Like hpa so nicely pointed out to me. Inode numbers and major/minor
numbers are essentially the same thing.

However, the big difference is you centralize the resolution of those
numbers into the devfs core, instead of requiring each and every
subsystem to determine which minor number goes to which device.

> BUT, on the macro scale, isn't not so clean. It doesn't scale very well.
> Previously, you'd be wasting a large number of on disk inodes. Now, you
> waste a medium number of virtual inodes in non-swappable kernel memory.
> You have the same hash overhead in directory lookups (ok, devfs is faster as
> all of it always in memory.) Now that everything is in core, it's all
> volatile and you have to resort to userland tricks (you actaully suggest
> TAR!), kernel event messaging, and overlay filesystems to get the any
> persistance or user control. [Can you say "kludge"? I knew that you could.]

Devices are unfortunately becoming more and more PnP and Hot Swap. Having
a persistant filesystem based backing store (like the current ext2 and
major/minor system) isn't useful anymore.

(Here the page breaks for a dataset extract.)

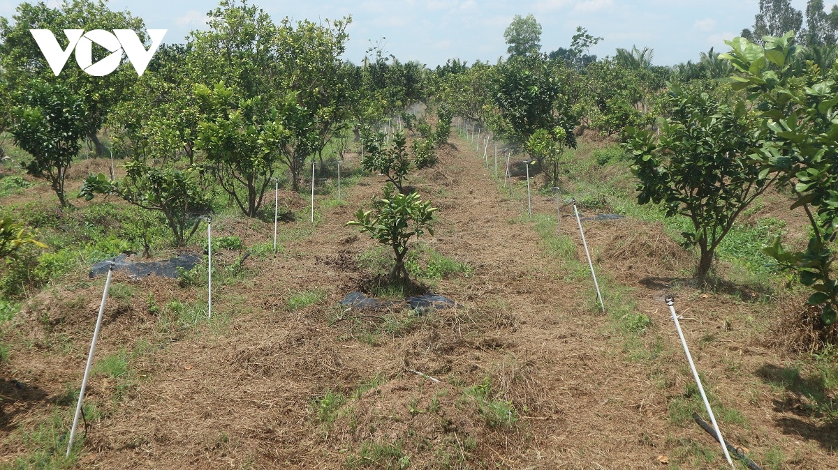 Một vườn trồng bưởi của nông dân Cù Lao Dung ứng dụng tưới tiêu tiết kiệm thông qua điều khiển bằng điện thoại thông minh. Ảnh: VOV

We need to dynamically assign permissions and ownerships to devices
anyway, so having that information saved in the filesystem buys us
nothing.

Having devfsd store these in a database as well as using arbitrary
algorithms, depending on the device, to assign permissions and ownership
is much more flexible and actually works with PnP and Hot Swap devices.

And the memory overhead is a non issue. We track devices in memory
anyway, adding another structure is a minimal loss for all of the
benefits it provides us. Plus it actually allows us to use PnP and Hot
Swap devices at all.

> Correct me if I'm wrong, but the multiple indirections to the operations
> structure only occurs with open() and the function addresses are attached
> to the file descriptor from that point on. So, what's the point in such an
> expensive optimization? So the directory lookup returns a pointer into kernel
> space instead of static major/minor numbers? There are far better ways to
> get rid of major/minor numbers.

I think this is what everyone is waiting for. This isn't the first time
I've heard someone say there is a better solution, and this isn't the
first time I haven't seen the solution to back it up.

> [Tell me again why we don't want major and minor numbers.]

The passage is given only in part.